This cheap, 700-year old solution could change billions of lives
Providing glasses is a low-cost, high-impact way to improve lives and incomes in the developing world Image: REUTERS/Rupak De Chowdhuri
Of the top economic powers in the world, 69 are corporations and only 31 are countries. Businesses now set the pace for technological change and social innovation. Where business leads, society follows.
Any business investor knows that the strength of good investing lies in calculating risk and reward; low risk is often a sign of low reward. Could we apply this to the world’s most pressing social issues too?
Finding solutions to the world’s greatest problems requires an appetite for risk taking; for supporting solutions with large upfront capital, without evidence of success. While the returns in terms of social progress, productivity and wellbeing could be huge, the potential for failure and loss is enough to put off many but the most adventurous private philanthropists .
I have dedicated over a decade of my career to tackling the issue of poor vision. There are over 2.5 billion people around the world who need vision-correction but have no access to it, leading to drastic health costs and lost productivity that costs an estimated $3 trillion every year.
Deemed an insurmountable challenge by the institutional world of professionals, industry and policymakers, tackling the global vision crisis meant confronting risks and unknowns. But finding and catalysing a solution would have dramatic repercussions for a country’s productivity and could revolutionise people’s lives and wellbeing.
Through betting on a pioneering vision-screening protocol which trialled new affordable glasses and loosened regulations on who could provide sight tests, Rwanda has become the first developing country in the world to implement universal primary eye healthcare, with vast benefits for all its citizens.
Matching the success of the exhaustive efforts in one small country with a global effort to drive change carries greater challenges. Democratic governments struggle to take the necessary risks, or to provide the long-term stability needed to create change and see projects to their end.
Businesses, on the other hand, are ambitious and impact-orientated. Published at Davos this year, the Young Presidents’ Organization’s Global Leadership Survey found that business leaders believe the private sector is the best sphere in which to yield social impact, with 51% considering government regulation an obstacle, rather than an aid, to doing good.
Businesses who want to do good should note that tackling poor vision by providing vision correction to their workforce is a low-hanging fruit. Around 90% of cases of poor vision worldwide could be solved by a simple pair of glasses that cost as little as $1.50 – a solution that has been around for over 700 years and is so often taken for granted in the developed world.
A number of firms, including American consumer retail giant Williams Sonoma, have started to implement eye tests and provide low-wage workers with vision-correcting glasses. The rewards are huge. Workers’ wellbeing is dramatically increased – not only in helping them see better but in preventing fatal injuries with heavy machinery or in road traffic accidents.
A very modest investment makes huge business sense by reaping rewards for employers - through improved worker productivity and employee retention - and workers alike, through being able to earn for longer and in their improved general wellbeing. This is a clear win/win.

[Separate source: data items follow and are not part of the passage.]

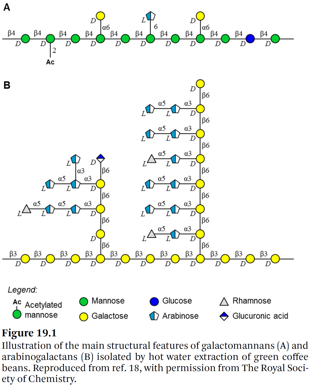 arabinogalactans는 57–69%를 차지한다. [5,6] - 열수 추출할 수 있는 생두 갈락토만난은 (β1→4)-linked d-mannose residues의 주요 백본으로 구성되며, 일부는 O-6에서 α-d-galactose 또는 l-arabinose의 단일 잔기(single residues)로, O-2 및/또는 O-3에서 아세틸基(acetyl groups)로 치환된다 (Figure.19.1A).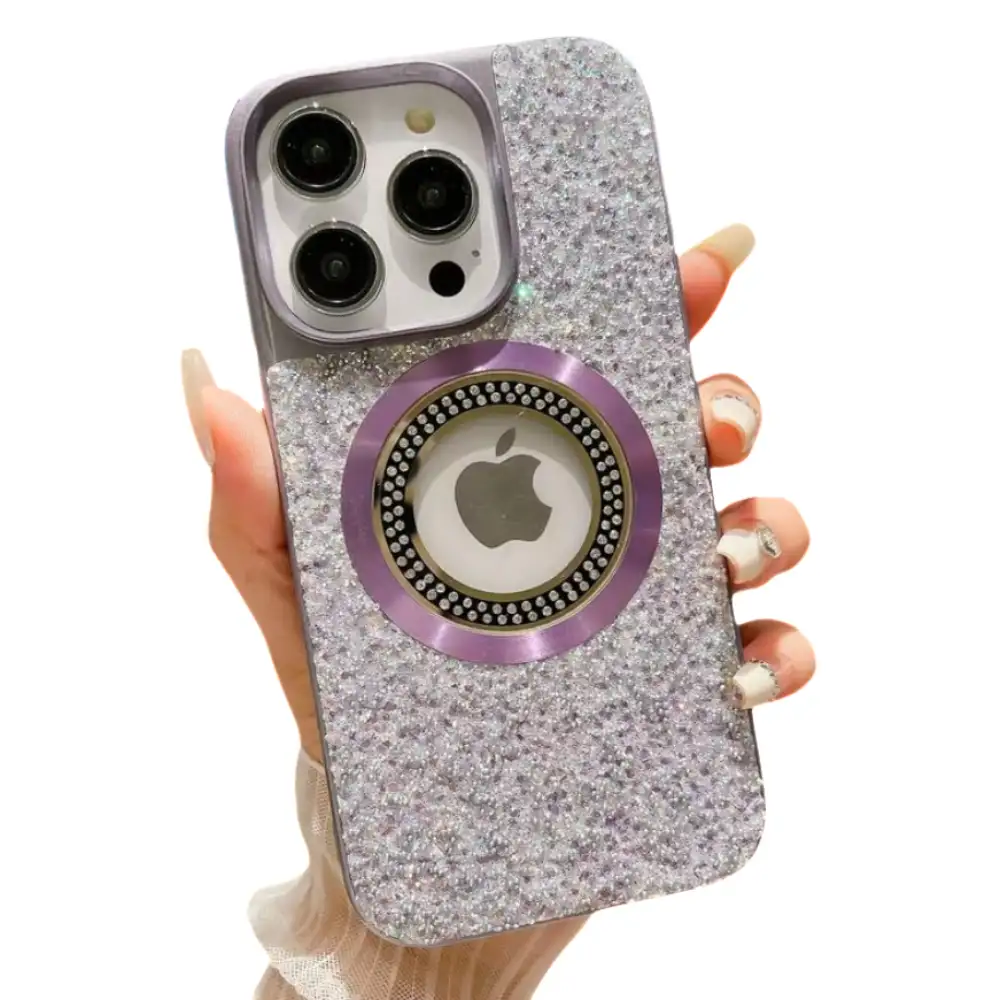 Cover Magsafe Glitter para iPhone 15 Pro Max en vibrante morado glitter – Compatibilidad total con carga inalámbrica, alineación perfecta de imanes, diseño ultra delgado y resistente a rayones, acabado brillante que destaca tu estilo premium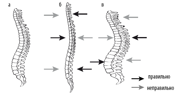 При увеличении физиологических изгибов необходимо исключить из систематических занятий оздоровительной гимнастикой (рис. 1, в):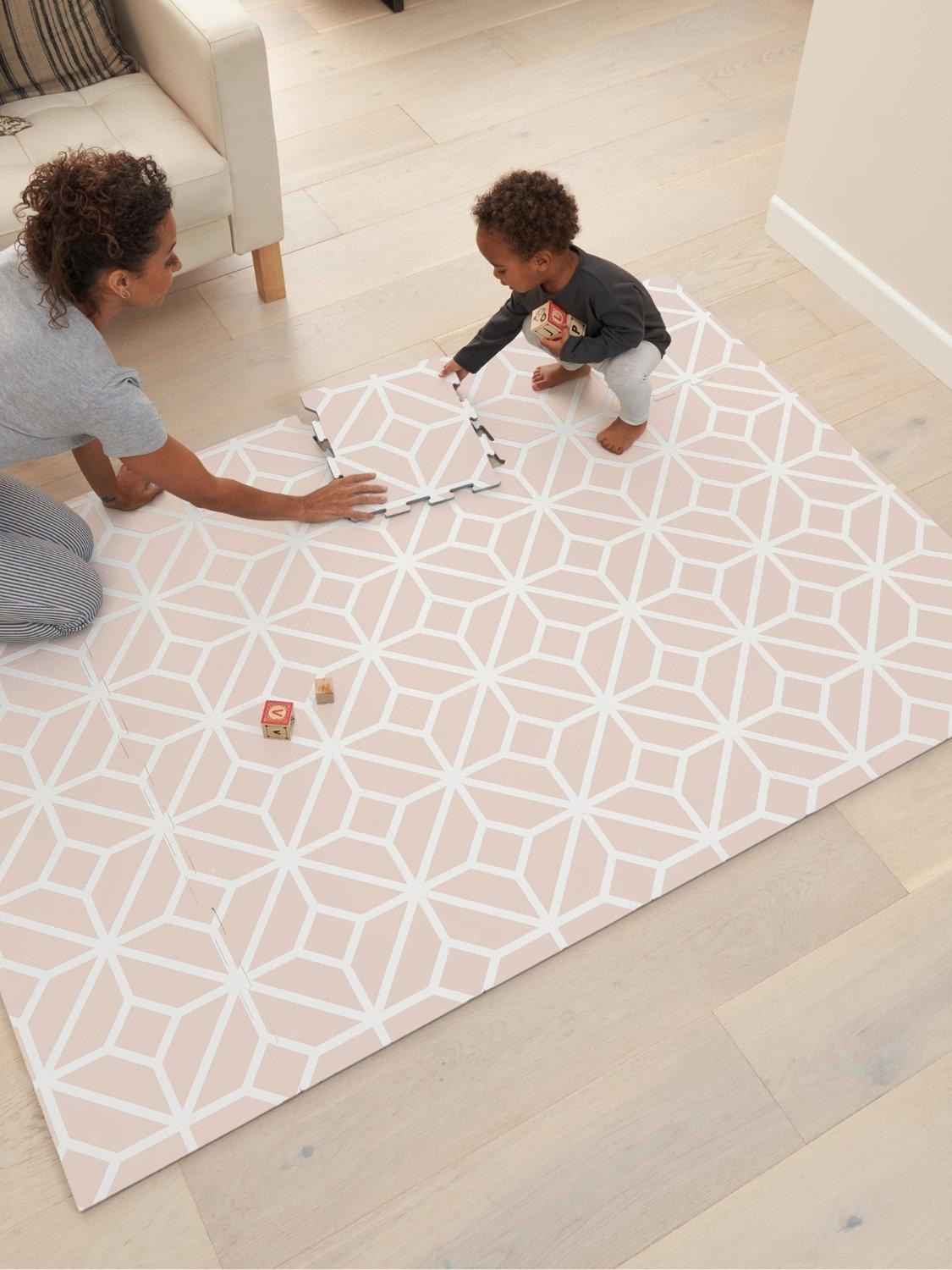 Featuring a stylish tile print, it adds a modern touch to any home while providing a safe and nontoxic EVA foam playground for newborns and beyond. Each pack comprises 24 pieces that quickly and easily slot together to form a comfortable play space for children of all ages. When done, it can be packed away in the handy storage bag.
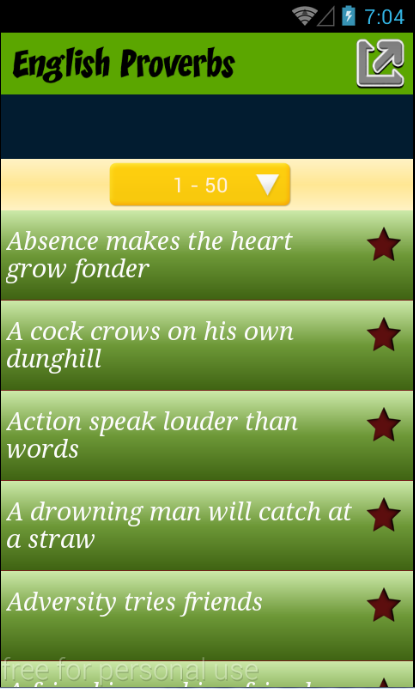 Aplikasi ini mengandungi koleksi peribahasa inspirasi, bijak, dan lucu dan kata-kata dengan makna.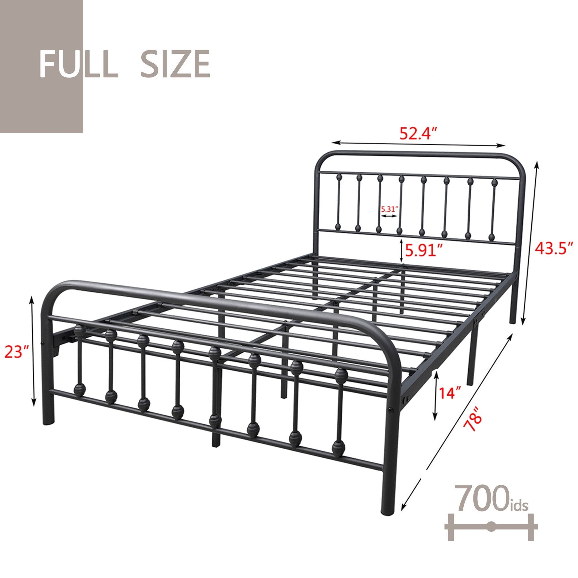- Full: 52.4 inches W x 78 inches L x 43.5 inches H

Research published in The Lancet Global Health shows that the simple provision of glasses to tea pickers in Assam, India, improved productivity by an average of 22%. This is the equivalent to one whole working day a week, a productivity increase unmatched by other primary health interventions. More than nine in 10 participants in the study would recommend glasses to other workers – and it is fundamental these programmes are embraced by those involved if the required investments are to be successful and sustainable.
Even more strikingly, for those aged over 50 the increase in productivity was close to 32%. The implications of primary eye healthcare and glasses in helping older workers stay in work are huge – not to mention reducing poverty, helping younger family members to stay in school, improving health and wellbeing among elderly members of the community – the list goes on.
This is startling and indisputable evidence for the power of glasses. More importantly, for business leaders, it is a sign that real, affordable and existing solutions have been trialled and de-risked.
Now the World Health Organization and Commonwealth Heads of Government are coming onside, and there is now a dedicated working group within the UN, The Friends of Vision, devoted to putting forward multilateral resolutions that will transform this into global action.
We need to find more ways to build strategies for the business sector to drive change. This is undoubtedly the best way forward, not only for poor vision but for issues of education, gender equality, pollution, and other pillars of the sustainable development goals.